# Wie komm ich wieder zurück



## Trenix (16. Mai 2012)

Moin Moin


Ich hab da ein Problem ich hoffe ihr könnt mir helfen.

Ich war gestern in dem Wüsten Gebiet unterwegs,bevor ich off gehen wollte bin ich noch einen Freund helfen.
Ich hab mich dann zu ihm hin geportet und wir haben zusammen gequestet fast zum schluß sind wir dann in ein Dungeon
gegangen( Er war noch im Hinterland) wo ein Dialog Fenster kam was darin stand hab ich leider nicht gelesen .
Als wir schlafen gehen wollten, wollte ich mich wieder zu meinem quest stand porten allerdings konnte ich mich nicht mehr in die
Wüste Porten sondern landete immer in der ersten Stadt.
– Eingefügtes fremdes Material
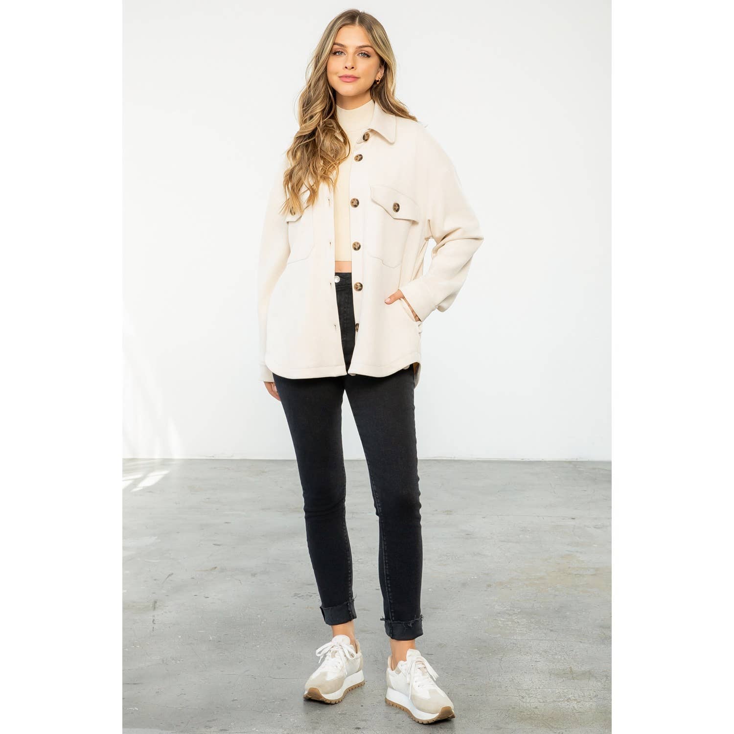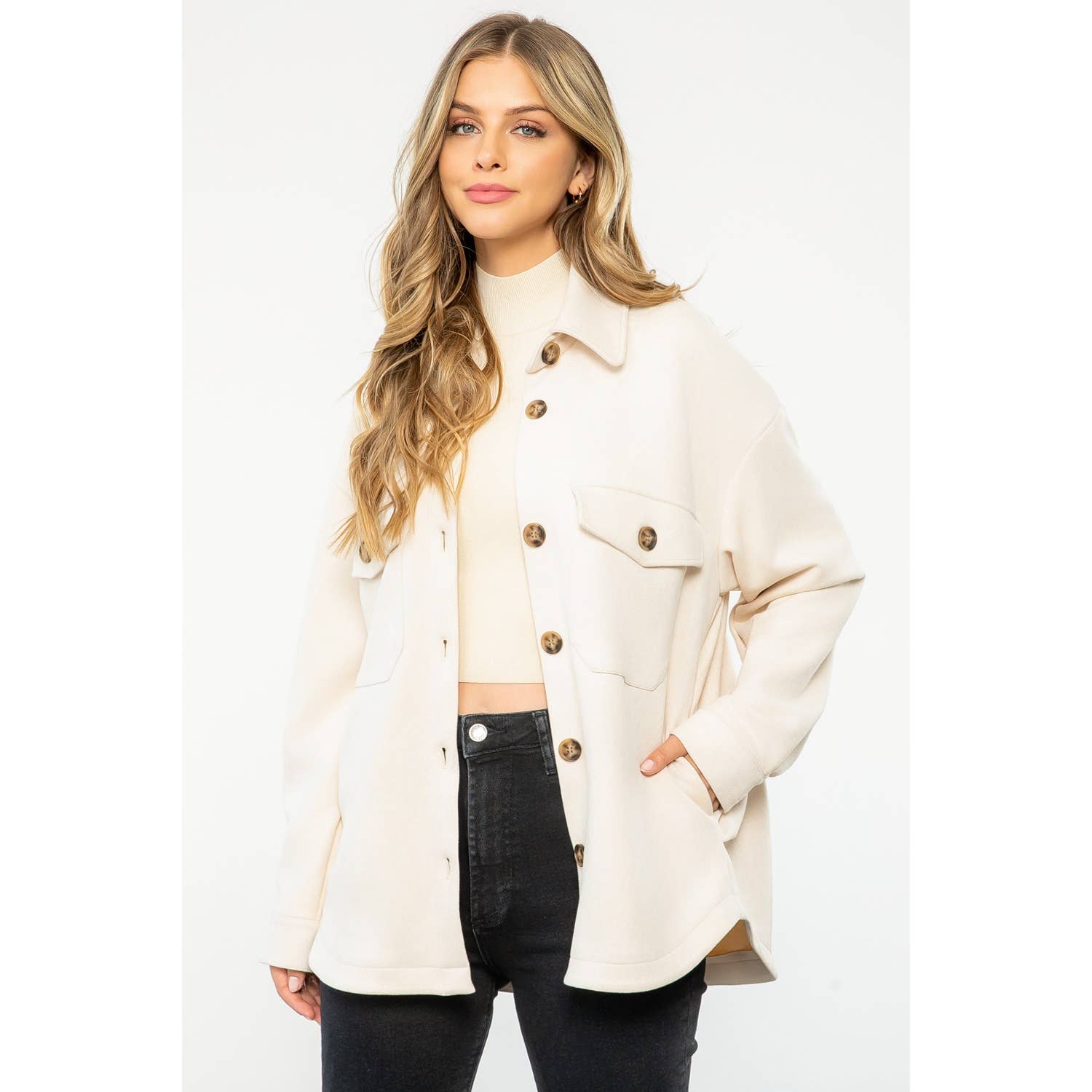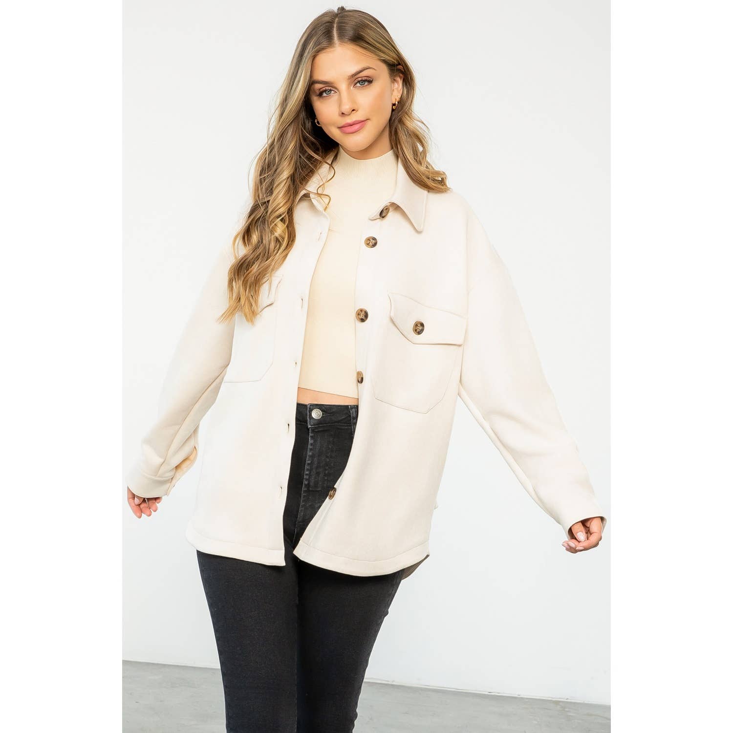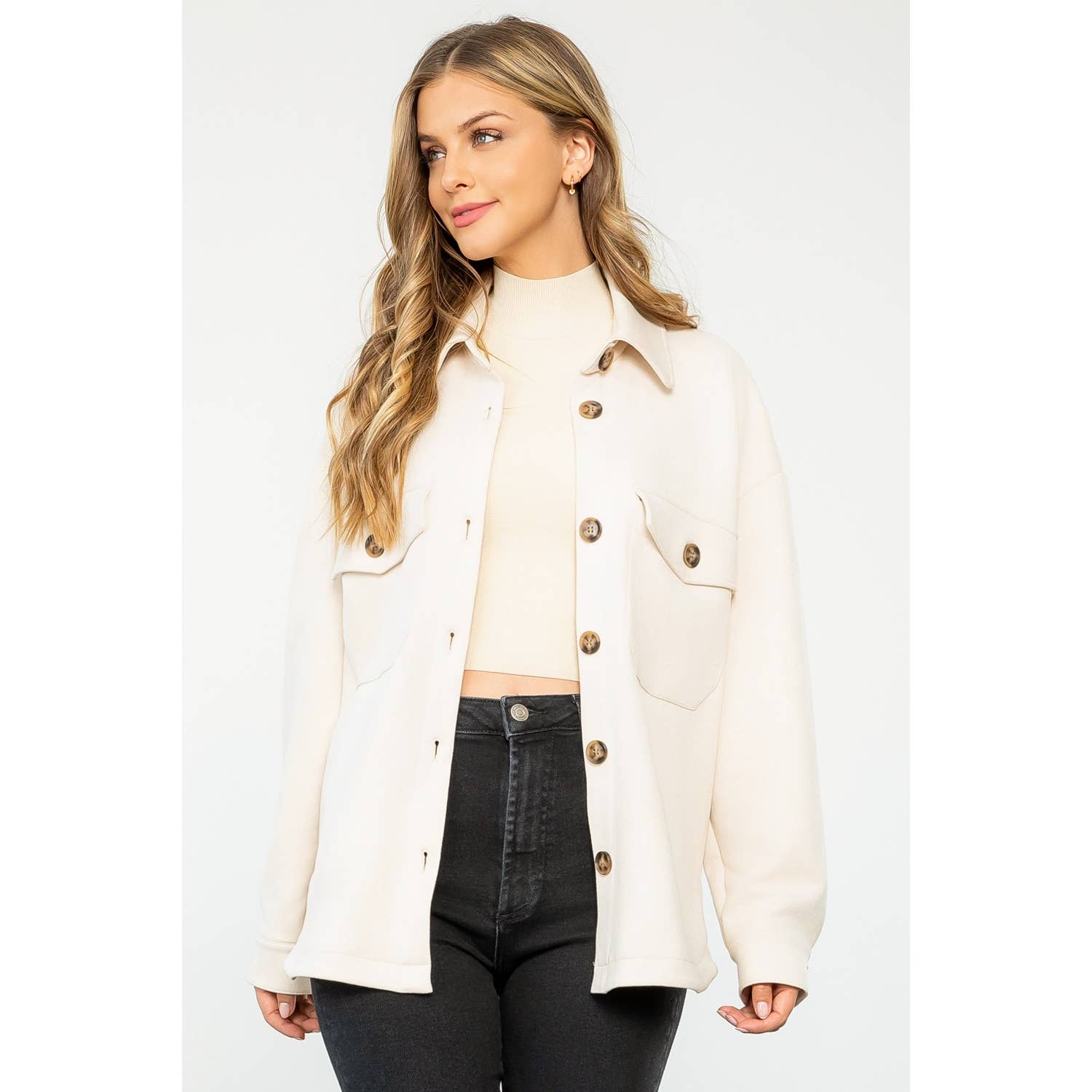 Suede Button Up Jacket WOVEN / 92% Polyester, 8% Spandex / Lining: 100% Polyester

Wie komme ich jetzt am besten wieder in die Wüste?


----------



## Fedaykin (16. Mai 2012)

Trenix schrieb:


> ( Er war noch im Hinterland) wo ein Dialog Fenster kam was darin stand hab ich leider nicht gelesen .



Großes Tennis....


----------



## floppydrive (16. Mai 2012)

Hauptmenü - > Questauswahl hf


----------